CASH_ADVANCE: Total cash withdrawn using the card.
PURCHASES_FREQUENCY: Frequency of purchases.
CREDIT_LIMIT: Maximum limit on the credit card.
PAYMENTS: Total amount paid by the customer.
TENURE: Duration of the customer’s relationship with the credit card company.

Data Preprocessing

To ensure the quality of the input data, the following preprocessing steps were implemented:

1. Handling Missing Values

We identified missing values in the MINIMUM_PAYMENTS and CREDIT_LIMIT columns. The missing data was imputed using:

KNN Imputer: This method imputed missing values based on the closest neighbors, ensuring the imputed values were aligned with the overall customer profiles.

2. Feature Scaling

The features had different units and scales, which could negatively impact the clustering model. To standardize the features:

StandardScaler: We applied standardization to ensure each feature had a mean of 0 and a standard deviation of 1, making them comparable.

3. Handling Skewed Data

Certain features like CASH_ADVANCE and BALANCE exhibited right skewness. We applied logarithmic transformation to reduce skewness and improve model performance.
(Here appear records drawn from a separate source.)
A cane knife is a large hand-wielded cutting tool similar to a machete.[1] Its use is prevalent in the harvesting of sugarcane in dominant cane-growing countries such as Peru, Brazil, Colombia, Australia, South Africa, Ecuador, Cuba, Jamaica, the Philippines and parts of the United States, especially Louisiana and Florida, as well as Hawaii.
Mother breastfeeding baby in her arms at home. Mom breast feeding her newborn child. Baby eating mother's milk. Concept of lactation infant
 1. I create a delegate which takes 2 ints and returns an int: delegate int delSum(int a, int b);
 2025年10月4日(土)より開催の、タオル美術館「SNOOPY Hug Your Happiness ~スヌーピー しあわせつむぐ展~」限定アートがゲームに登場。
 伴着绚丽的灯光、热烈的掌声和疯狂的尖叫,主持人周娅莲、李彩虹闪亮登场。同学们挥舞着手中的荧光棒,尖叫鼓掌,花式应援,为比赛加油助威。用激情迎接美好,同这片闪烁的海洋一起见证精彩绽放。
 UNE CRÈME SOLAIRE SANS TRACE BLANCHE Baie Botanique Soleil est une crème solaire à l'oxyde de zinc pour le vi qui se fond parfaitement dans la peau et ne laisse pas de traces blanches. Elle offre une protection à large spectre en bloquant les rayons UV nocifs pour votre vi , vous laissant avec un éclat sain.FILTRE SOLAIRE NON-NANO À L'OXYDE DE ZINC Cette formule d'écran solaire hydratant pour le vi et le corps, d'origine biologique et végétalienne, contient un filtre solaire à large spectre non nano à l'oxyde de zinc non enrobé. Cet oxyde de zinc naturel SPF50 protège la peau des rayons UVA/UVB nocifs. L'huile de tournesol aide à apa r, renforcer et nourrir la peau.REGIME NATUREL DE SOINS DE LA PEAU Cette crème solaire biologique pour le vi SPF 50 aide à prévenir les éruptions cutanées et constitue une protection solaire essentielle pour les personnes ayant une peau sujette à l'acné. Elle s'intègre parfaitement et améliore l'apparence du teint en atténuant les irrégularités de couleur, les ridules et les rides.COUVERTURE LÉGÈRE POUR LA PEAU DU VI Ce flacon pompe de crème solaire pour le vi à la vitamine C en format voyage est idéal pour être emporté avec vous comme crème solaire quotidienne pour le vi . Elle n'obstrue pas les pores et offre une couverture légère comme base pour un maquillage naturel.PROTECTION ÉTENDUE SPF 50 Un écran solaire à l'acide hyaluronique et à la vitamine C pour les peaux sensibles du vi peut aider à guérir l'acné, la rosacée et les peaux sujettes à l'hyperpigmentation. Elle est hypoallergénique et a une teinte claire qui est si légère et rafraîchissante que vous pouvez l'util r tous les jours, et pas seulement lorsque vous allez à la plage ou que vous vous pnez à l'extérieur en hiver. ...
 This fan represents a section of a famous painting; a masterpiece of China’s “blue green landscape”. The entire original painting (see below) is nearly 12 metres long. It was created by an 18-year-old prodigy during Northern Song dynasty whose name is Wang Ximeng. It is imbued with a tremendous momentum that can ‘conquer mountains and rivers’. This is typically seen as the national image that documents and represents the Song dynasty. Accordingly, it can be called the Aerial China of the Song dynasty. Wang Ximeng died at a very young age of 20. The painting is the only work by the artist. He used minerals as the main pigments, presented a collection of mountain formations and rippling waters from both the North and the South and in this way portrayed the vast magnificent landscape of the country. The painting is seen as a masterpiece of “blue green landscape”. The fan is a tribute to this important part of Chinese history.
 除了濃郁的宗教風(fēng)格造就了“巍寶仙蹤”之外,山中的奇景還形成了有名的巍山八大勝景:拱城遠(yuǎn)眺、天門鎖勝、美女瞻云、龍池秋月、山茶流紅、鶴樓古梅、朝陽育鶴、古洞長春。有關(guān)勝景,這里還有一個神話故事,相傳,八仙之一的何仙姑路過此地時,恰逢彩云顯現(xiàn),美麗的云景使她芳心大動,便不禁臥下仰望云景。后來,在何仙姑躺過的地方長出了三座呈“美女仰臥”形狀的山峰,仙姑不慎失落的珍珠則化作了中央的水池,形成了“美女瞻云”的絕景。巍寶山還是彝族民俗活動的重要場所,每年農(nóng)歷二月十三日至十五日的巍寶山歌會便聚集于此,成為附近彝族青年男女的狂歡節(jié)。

4. Dimensionality Reduction (PCA)

With 18 features, there was a need to reduce dimensionality for better visualization and model performance. We applied Principal Component Analysis (PCA):

Explained Variance: We selected the number of components based on the explained variance ratio. The first 3 components explained around 51.33% of the variance.
Scree Plot: The scree plot helped us decide on the optimal number of components.

5. Creating New Features

To enhance the model's ability to segment customers, we created derived features:

Balance to Credit Ratio: Indicates how much of the credit limit is being utilized.
Purchase to Payment Ratio: Provides insights into customer repayment behavior.

Clustering with K-Means

To segment customers, we used K-Means Clustering, an unsupervised machine learning algorithm.

1. Determining Optimal Clusters

Elbow Method: We used the elbow method to determine the optimal number of clusters by plotting the sum of squared distances (inertia) against the number of clusters. The elbow point was found at 7 clusters.
Silhouette Score: The average silhouette score was used to evaluate how well-separated the clusters were. A silhouette score of 0.42 indicated reasonable separation between clusters, signifying that the clustering was meaningful.

2. Model Training

We trained the K-Means model with k=7 clusters based on the elbow method. The clusters were assigned based on customer spending patterns across various features.

DBSCAN (Density-Based Clustering)

In addition to K-Means, we experimented with DBSCAN (Density-Based Spatial Clustering of Applications with Noise), a powerful clustering algorithm suited for identifying clusters of varying shapes and sizes, as well as outliers. DBSCAN groups points based on the density of their neighborhood. It requires two key parameters: epsilon (the maximum distance between two points for them to be considered neighbors) and min_samples (the minimum number of points to form a cluster).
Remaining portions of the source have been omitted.